Embedding guidance and coaching on saving, budgeting and cashflow management into the advice model is one way advisers can foster deeper client engagement, educate people about the impact of their lifestyle or habitual financial behaviour, and give them greater responsibility.
The advice relationship becomes about joint responsibility and shared accountability, ultimately leading to shared celebration.
In this type of relationship, the adviser is akin to a financial coach or mentor.
Using a fitness analogy, a personal trainer can assess a client’s goals and ability; educate them about the benefits of exercise and nutrition; design an effective exercise program; and encourage them to pursue a healthy active lifestyle; but they can’t force a person to put down the donut and get off the couch. There are clear limitations to what a personal trainer can do.
Similarly, in the advice relationship, there are things the adviser is responsible for, tasks the client is responsible for and areas of mutual responsibility.
Who’s responsible for what?
A client’s responsibilities fall into three categories:
- How much they earn, and maintaining or increasing their earnings.
- How much they spend and how they’re spending.
- How much they save, which is the difference between their earnings and spending.
Based on the output of a client’s “earn, spend, save” responsibilities, an adviser’s role is to educate the client about the impact of their financial behaviour; determine what they can realistically achieve in terms of earning, spending and saving; help them develop healthy financial habits; uncover their long-term goals, objectives and priorities; develop a robust financial plan which will maximise the probability of them achieving their objectives with acceptable risk; and execute, manage and monitor that strategy throughout the journey.
At some point, advisers must share some accountability for the output of the client’s earning, spending and saving.
By separating the adviser’s role and the client’s role, both parties fully understand who’s responsible for what and when, and together they can measure each other’s performance, and the performance of the overall strategy.
The mystery around what a financial planner does is removed, and the industry’s proposition is clearer and more transparent.
You’re off the team
Having the buy-in of both parties is critical to success.
If a client isn’t doing their part, an adviser should look at whether the goals set are still realistic. If not, they should be adjusted.
On the other hand, if a client simply isn’t willing to do their bit or take on responsibility to make the necessary changes when and where they fall due, and the advice relationship isn’t productive, then the adviser should seriously consider ending it because it’s unlikely the client will achieve their goals, meaning both parties will be unsatisfied. Ultimately the adviser shares joint responsibility for the outcome if they continue to collect advice fees.

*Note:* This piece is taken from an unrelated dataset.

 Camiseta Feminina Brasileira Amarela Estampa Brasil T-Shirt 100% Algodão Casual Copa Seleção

From an adviser’s perspective, by incorporating saving, budgeting and cashflow advice services and tools into their value proposition and making clients responsible for certain tasks, they can quickly identify those who are teachable, committed to the advice journey, and enjoyable to work with.

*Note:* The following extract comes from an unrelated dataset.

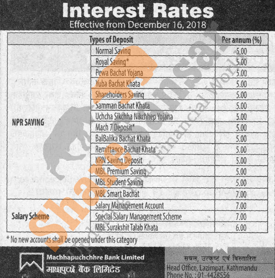 Machhapuchchhre Bank Limited has published a notice regarding new interest rate and its effective from 1st Poush, 2075.
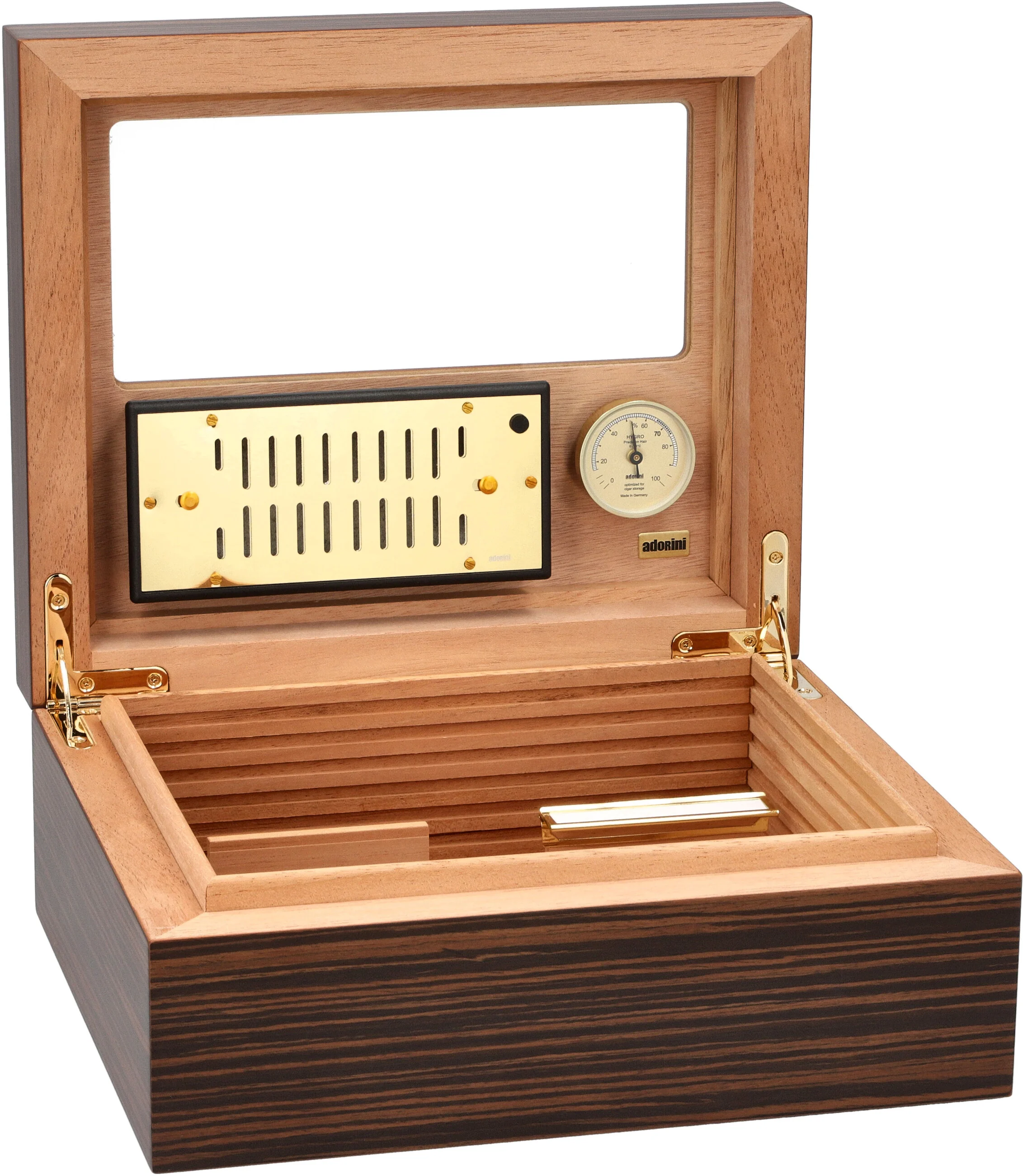 Vittoria humidor fra adorini er en ekte klassiker som nå er tilgjengelig i en vanlig bordhumidor størrelse. Med denne høykvalitets humidoren kan du oppbevare sigarene dine med stil og beskytte dem optimalt. Humidoren leveres komplett med et nøyaktig hårhygrometer og den eksklusive adorini deluxe luftfukteren. Befukteren kan brukes praktisk og plassbesparende i lokket på humidoren for å sikre konstant luftfuktighet.

Traditionally, it has been challenging for advisers to identify problematic clients. Such clients typically go on to point the blame finger down the track.
Let’s celebrate
When both parties perform their role well, not only will there be plenty of cause for celebration, but there’ll be a great sense of achievement.
From a client’s perspective, this could be from paying off the home loan sooner, sending the children or grandchildren through private school, being able to take the family on an overseas holiday or building a retirement income portfolio that will provide a comfortable lifestyle for life.
While advisers will get a kick out of seeing their clients achieve their goals, the flow-on effect will also include higher client satisfaction leading to higher client retention. It will lower the probability of client complaints, and hopefully lead to more referrals.